The Problem is: If $x$ and $y$ are two distinct points in $\mathbb R^n$, then show that $$\frac {Vol(B_R(x)\setminus B_R(y)) + Vol(B_R(y)\setminus B_R(x))}{B_R(x)}\underset{R\to \infty}{\to} 0$$
$\mathbf {My \ approach}:$ I was trying to apply mean value theorem taking the indicator functions $\chi_{B_R(x)\setminus B_R(y)}$ and $\chi_{B_R(y)\setminus B_R(x)}$ but I can't proceed any further. Any hint is appreciated. Thanks in advance.
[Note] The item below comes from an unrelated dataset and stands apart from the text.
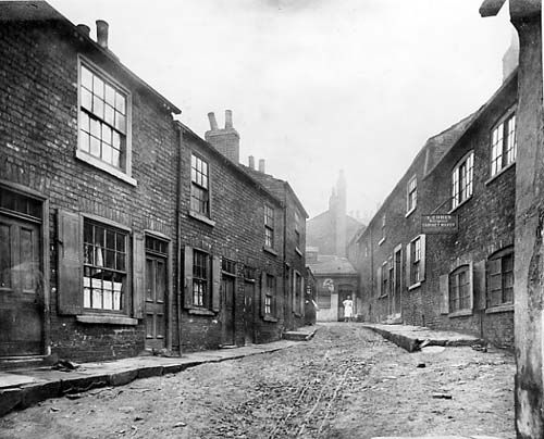 In the 18th and 19th Centuries, people lived in cramped houses, with rough roads and poor sanitation. This photograph shows Tunstall's Fold, Leeds, in 1901. These houses were later demolished because they were judged 'unhealthy' © Leeds Library and Information Service
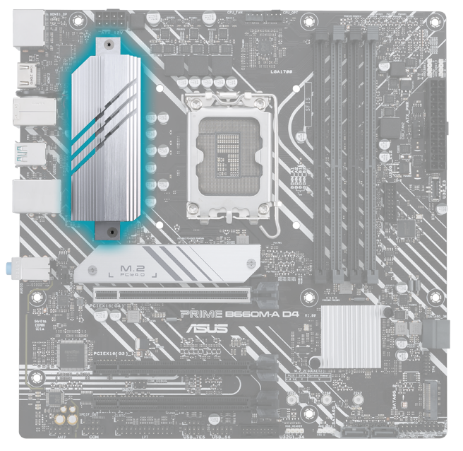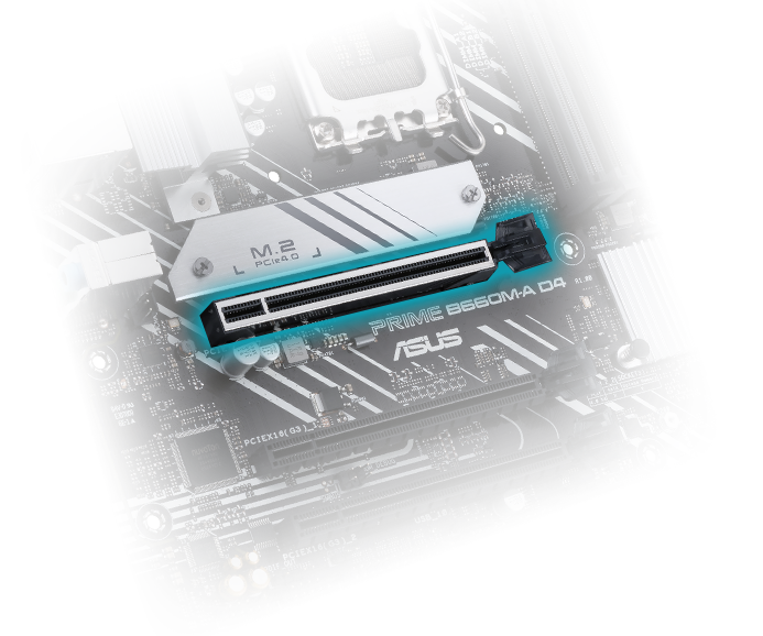Материнская плата Prime B660M-A D4 имеет в общей сложности два слота M.2, которые поддерживают передачу данных со скоростью до 64 Гбит/с через PCIe® 4.0, что обеспечивает более быструю загрузку и загрузку с системного диска или мультимедийных приложений.

Let $\omega_n := \operatorname{Vol}(B_1)$ and $x,y\in \mathbb R^n$. Making the change of coordinates $\tilde z= \frac{z-x}R$ gives that $$\operatorname{Vol}(B_R(x)\setminus B_R(y)) = \int_{B_R(x)\setminus B_R(y)} \, dz = R^n \int_{B_1\setminus B_1((y-x)/R )} \, d\tilde z. $$ Since $\operatorname{Vol}(B_R(x)) = \omega_n R^n$, it follows that \begin{align*} \frac{\operatorname{Vol}(B_R(x)\setminus B_R(y))}{\operatorname{Vol}(B_R(x))} = \frac 1 {\omega_n} \int_{B_1\setminus B_1((y-x)/R )} \, d z = \frac 1 {\omega_n} \int_{B_1} \chi_{_{B_1\setminus B_1((y-x)/R )}}(z) \, d z \end{align*} where $\chi_A$ denotes the characteristic function of a set $A\subset \mathbb R^n$. Then $$ \vert \chi_{_{B_1\setminus B_1((y-x)/R )}}(z) \vert \leqslant 1 \in L^1(B_1) $$ and $$ \chi_{_{B_1\setminus B_1((y-x)/R )}}(z) \to 0 $$ pointwise as $R\to +\infty$, so, by the dominated convergence theorem, $$ \lim_{R\to +\infty} \frac{\operatorname{Vol}(B_R(x)\setminus B_R(y))}{\operatorname{Vol}(B_R(x))} =\frac 1 {\omega_n} \int_{B_1} \lim_{R\to+\infty} \chi_{_{B_1\setminus B_1((y-x)/R )}}(z) \, d z= 0 $$ as required.